A policy π determines the agent's action in every step. The policy is a mapping from states to actions. MDPs operate under the markov assumption. This states that the agent's future state is conditioned only on its current state and action and NOT on any past history of states and actions (first order markov). This essentially implies that the only information needed to take optimal actions is the agent's current state and not its previous states. The agent's goal is to converge to an optimal policy that maximises expected discounted future reward. In simple terms, the agent's goal is to find a mapping π that maps every state to an optimal action such that the expectation over future discounted rewards is maximised.


The agent keeps track of the "value" of every action in every state based on the expected reward that was obtained on taking that action. This value is used to compare multiple actions in a state and subsequently pick the best one (or potentially explore more by choosing an action non-greedily).
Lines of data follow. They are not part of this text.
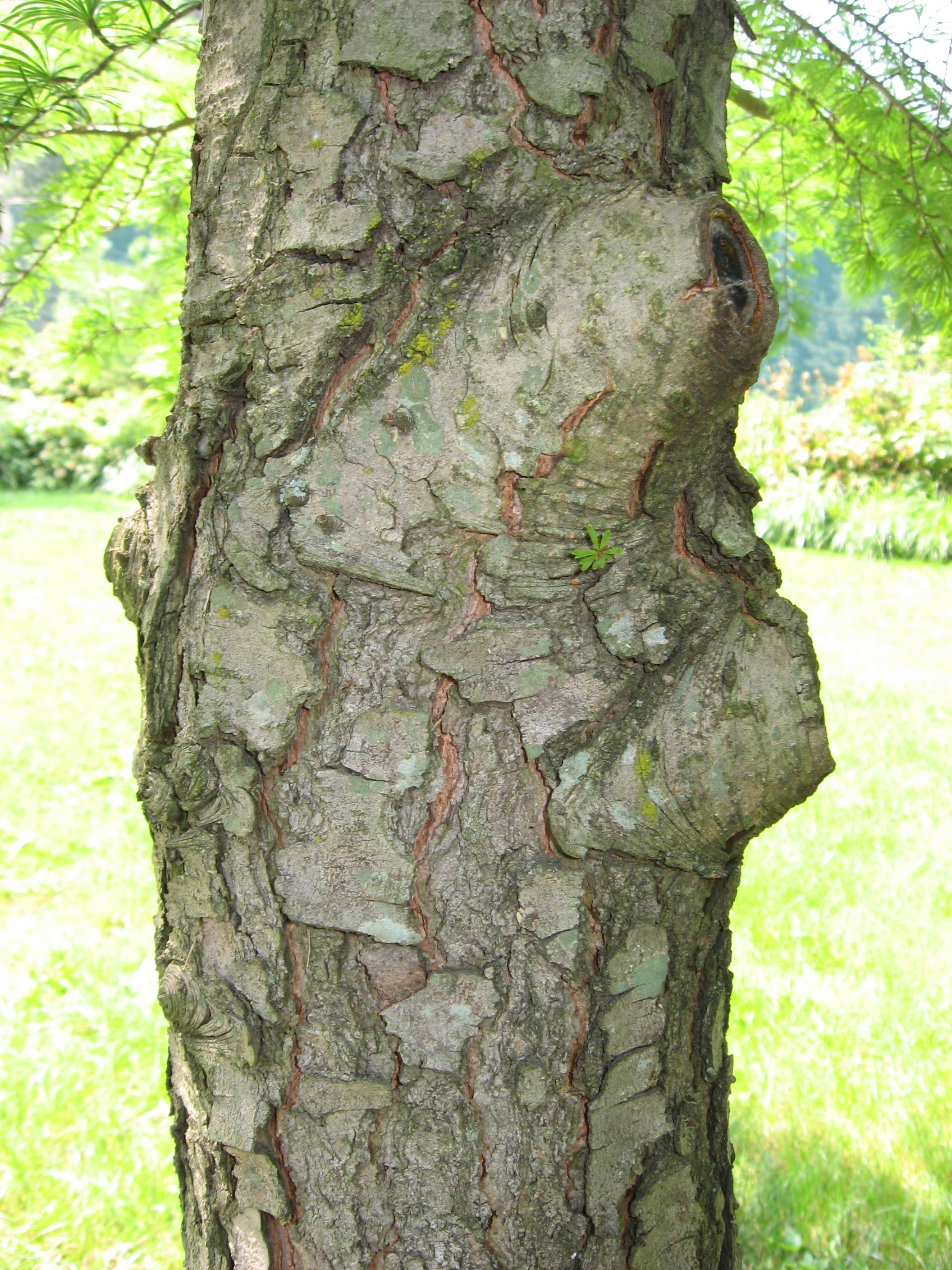 A picture of the trunk of Pseudolarix amabilis.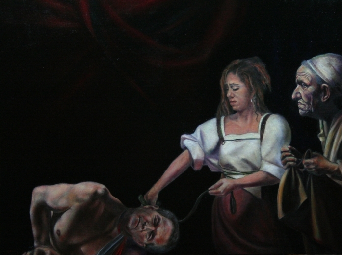 Inspired by Abu Ghraib prisoner abuse, Canadian painter James Miller's "Judith Beheading Holofernes" depicts a tethered George W. Bush as the tyrant Holofernes.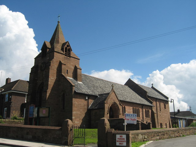 St John the Evangelist, Weston Village St John the Evangelist, Weston Village was built in 1896-97 of red sandstone with a Welsh slate roof. To help fund its building, the choirboys wrote letters to other choirboys throughout England, asking for a small donation towards its construction. In gratitude, the initials of those Weston choirboys were carved on the church steeple.

The action value function Qπ (s, a) maps to the value of picking action a in state s and is defined as the expected future reward that can be obtained from this state on picking this action and then following policy π for subsequent actions. The optimal policy π (s) = argmax a Q* (s, a) where Q* is the optimal value action value function.


Deep Q-Networks (DQN)

Before moving ahead with DQfD, we first need to understand a very successful Q-learning algorithm called DQN [4]. DQfD borrows a lot of components from DQN and makes modifications that greatly improve its performance. A major issue with the reinforcement learning framework described in the previous section is that as the dimensionality of the state space and action space increases it becomes increasingly difficult to store and quickly retrieve action values for every action in every state. Take Minecraft for example. Here, the agent's state is an image of 64 x 64 x 3 resolution and the agent can pick a combination of 9 actions. This means that every observation is part of a 12288 dimensional space and is one of 256 ^ 12288 possible states. For each of these states, the agent is expected to keep track of (and iteratively update) 9 action values (assuming that the agent can only take one action at a time and not simultaneous actions -- something that mineRL allows). This is just way too much information to model tabularly.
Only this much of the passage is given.